Start of Given information

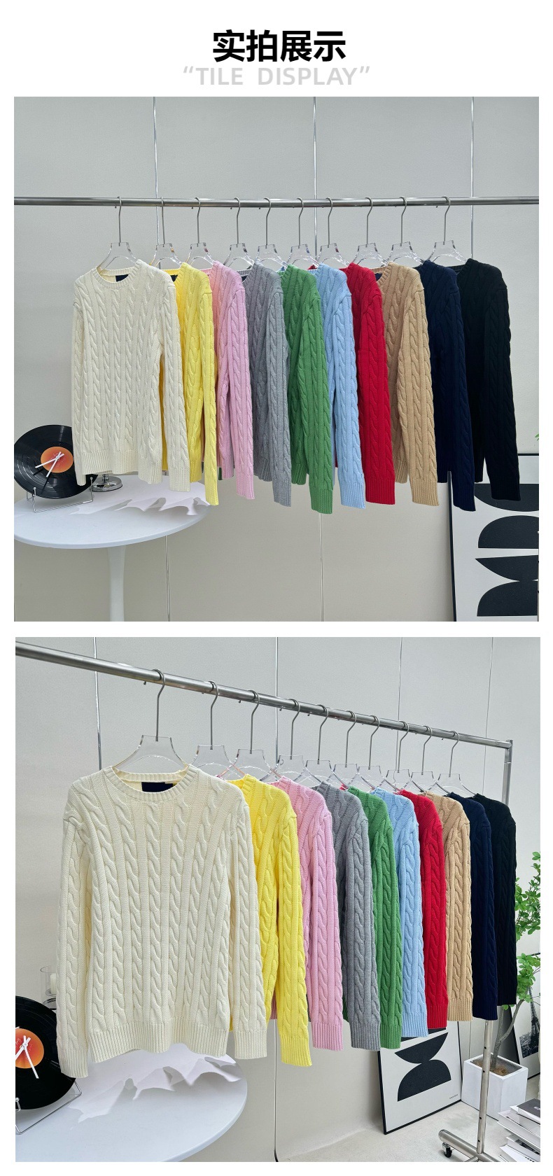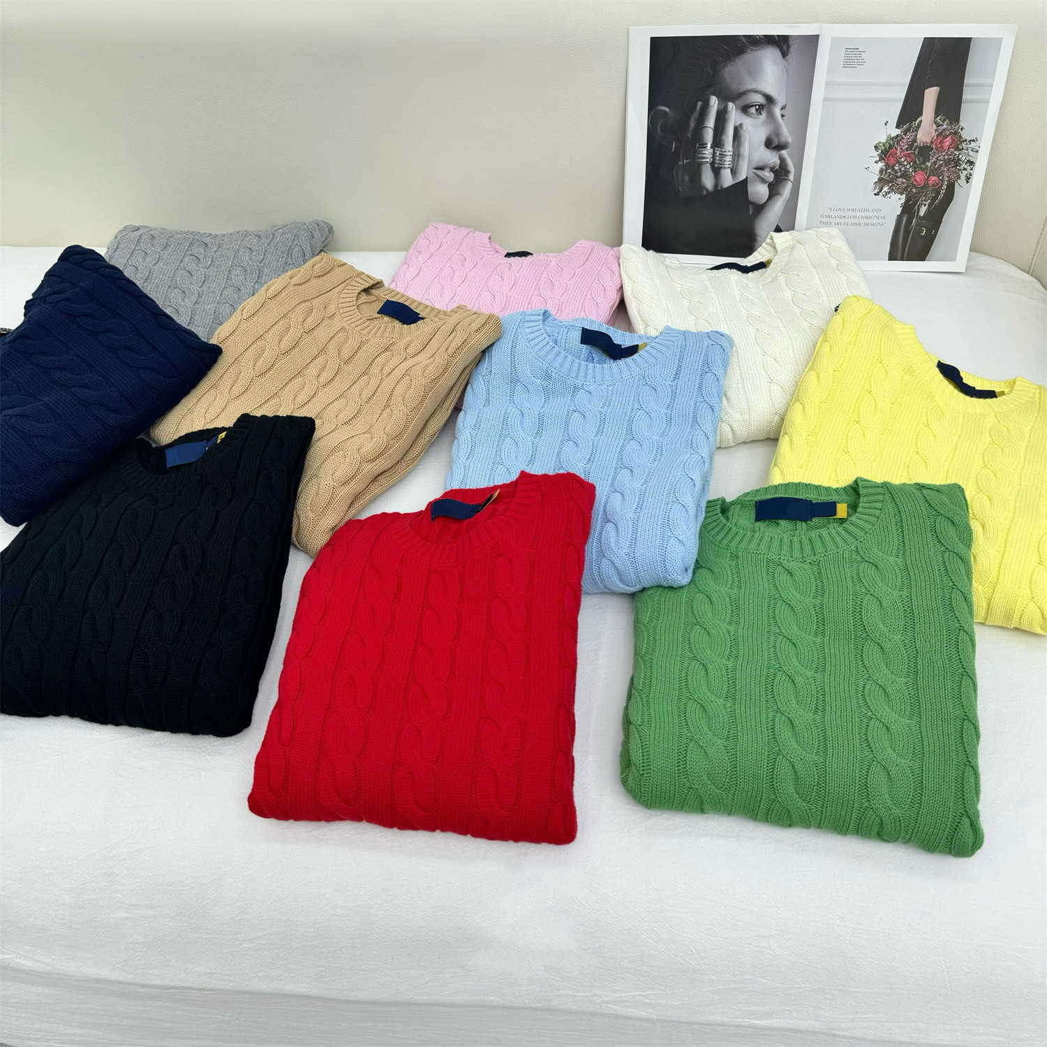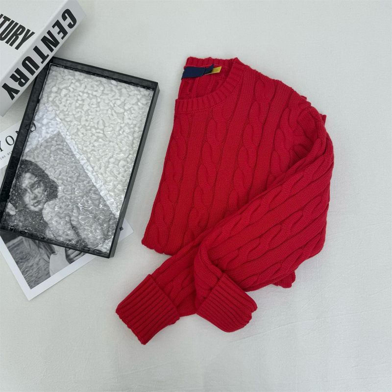 RL Ralph Pony Embroidered Autumn and Winter Round Neck Twist Long Sleeve Sweater Loosen
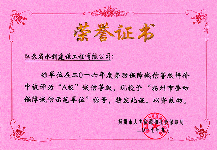 近日,公司在揚(yáng)州人力資源和社會(huì)保障局2016年度勞動(dòng)保障誠(chéng)信等級(jí)評(píng)價(jià)中被評(píng)為“A級(jí)”誠(chéng)信等級(jí),再次被授予“揚(yáng)州市勞動(dòng)保障誠(chéng)信示范單位”稱號(hào)。
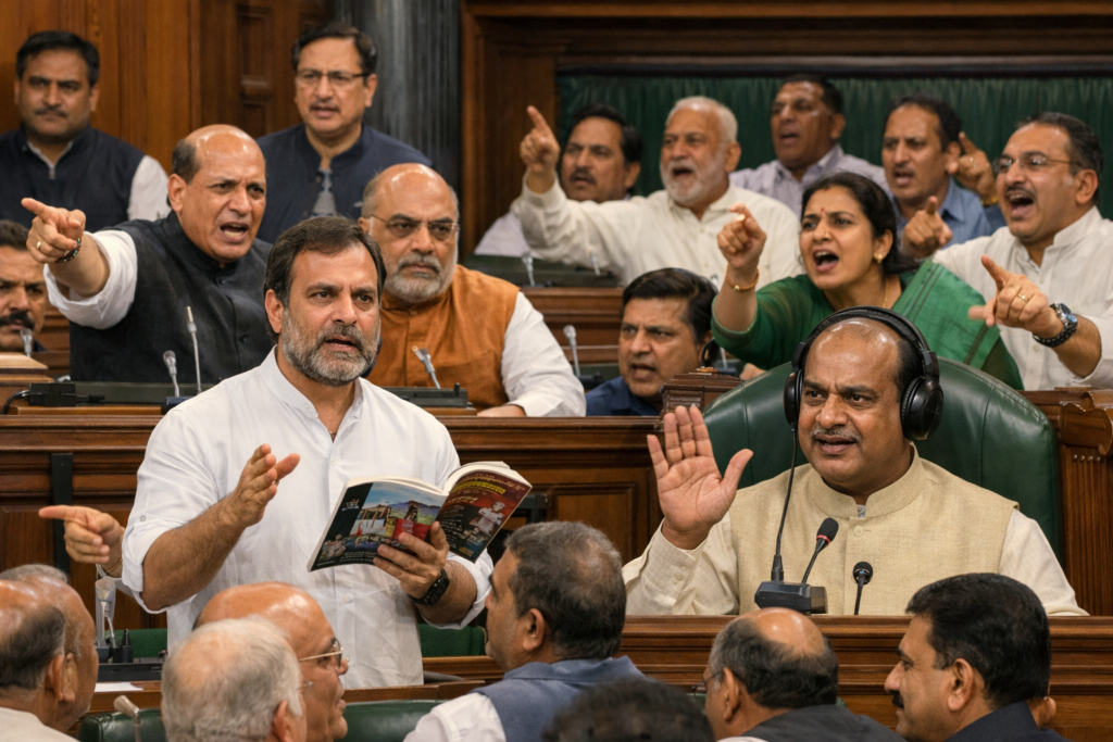 इस पर ओम बिरला ने राहुल गांधी को लेख पढ़ने से रोक दिया।इसके बाद सदन में नोकझोंक तेज हो गई और सत्ता पक्ष तथा विपक्ष के सांसद आमने-सामने आ गए। हंगामे के चलते लोकसभा की कार्यवाही पहले कुछ समय के लिए और बाद में पूरे दिन के लिए स्थगित कर दी गई।
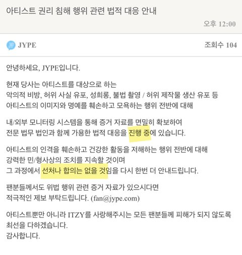 어떤 소속사든 고소공지는 대환영 악플러들 싹 잡아가라~
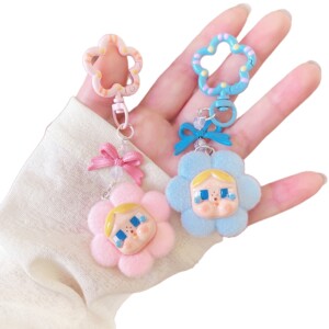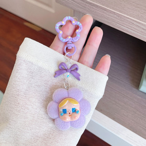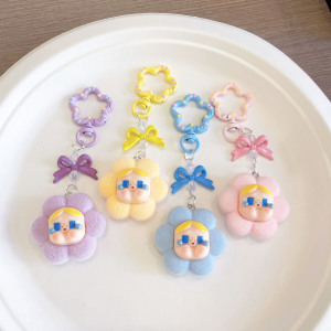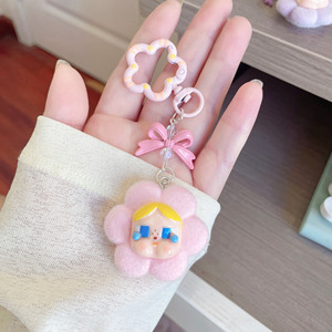 卡通植绒哭娃钥匙扣小花花可爱挂件潮玩公仔少女心包包精致挂饰品
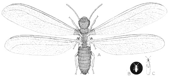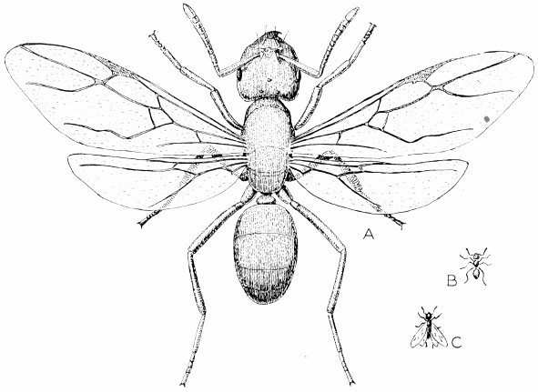 Fig. 58.—Hymenoptera. Lasius interjectus, a harmless winged ant, the yellow ant, with which the winged termite is often confused: A, queen with wings spread, many times natural size; B, worker ant, natural size; C, queen, approximately natural size, with wings partially closed and as usually seen. Ant has a narrower waist and shorter wings than termite. Actual length of queen about 0.3 inch.
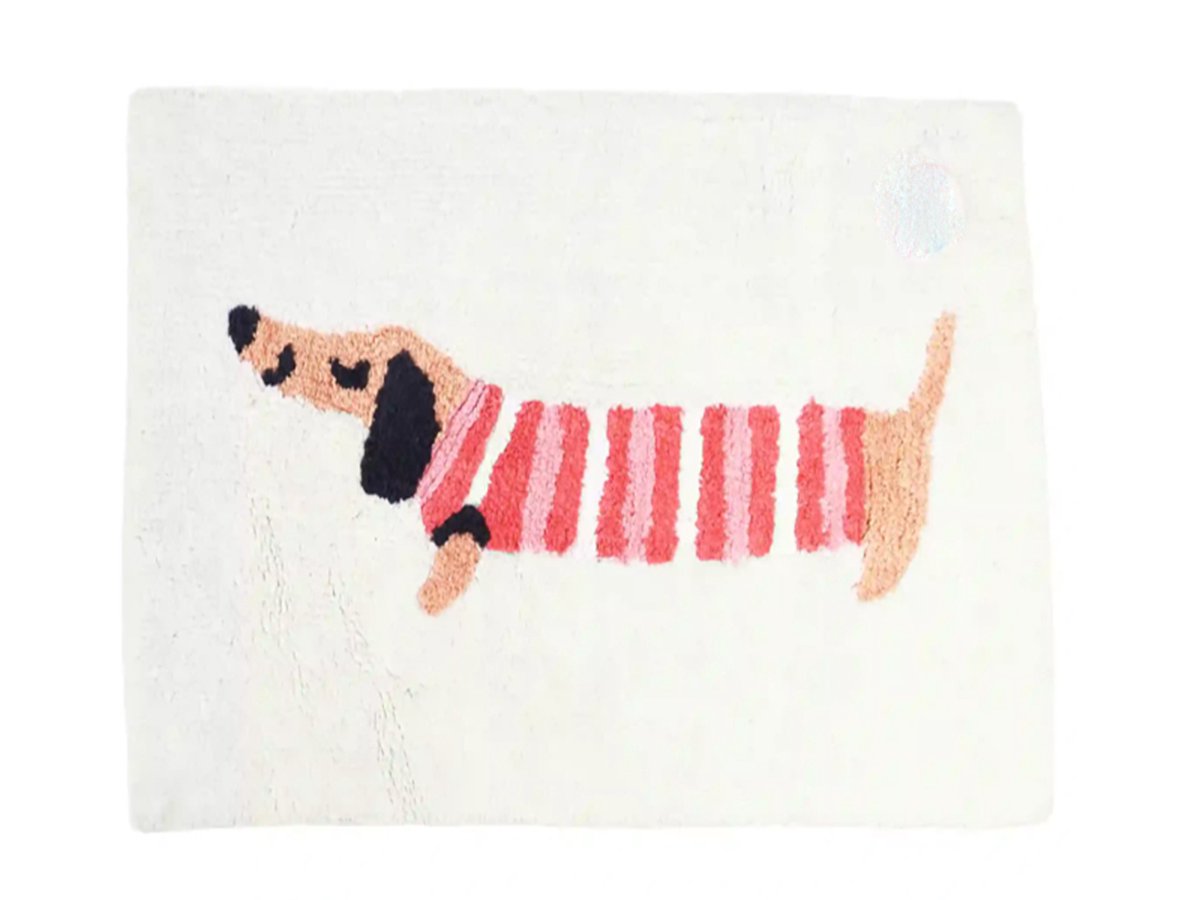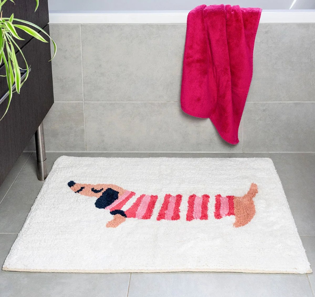 Een heerlijk zachte en goed waterabsorberende badmat, wat wil je nog meer na je bad of douche? Voorzien van een teckel is het ook nog eens een leuk object in je badkamer.

End of Given information

Task goal -> Each line above should be written out again exactly, without any image.

Exercise answer ->
 RL Ralph Pony Embroidered Autumn and Winter Round Neck Twist Long Sleeve Sweater Loosen
 近日,公司在揚(yáng)州人力資源和社會(huì)保障局2016年度勞動(dòng)保障誠(chéng)信等級(jí)評(píng)價(jià)中被評(píng)為“A級(jí)”誠(chéng)信等級(jí),再次被授予“揚(yáng)州市勞動(dòng)保障誠(chéng)信示范單位”稱號(hào)。
 इस पर ओम बिरला ने राहुल गांधी को लेख पढ़ने से रोक दिया।इसके बाद सदन में नोकझोंक तेज हो गई और सत्ता पक्ष तथा विपक्ष के सांसद आमने-सामने आ गए। हंगामे के चलते लोकसभा की कार्यवाही पहले कुछ समय के लिए और बाद में पूरे दिन के लिए स्थगित कर दी गई।
 어떤 소속사든 고소공지는 대환영 악플러들 싹 잡아가라~
 卡通植绒哭娃钥匙扣小花花可爱挂件潮玩公仔少女心包包精致挂饰品
 Fig. 58.—Hymenoptera. Lasius interjectus, a harmless winged ant, the yellow ant, with which the winged termite is often confused: A, queen with wings spread, many times natural size; B, worker ant, natural size; C, queen, approximately natural size, with wings partially closed and as usually seen. Ant has a narrower waist and shorter wings than termite. Actual length of queen about 0.3 inch.
 Een heerlijk zachte en goed waterabsorberende badmat, wat wil je nog meer na je bad of douche? Voorzien van een teckel is het ook nog eens een leuk object in je badkamer.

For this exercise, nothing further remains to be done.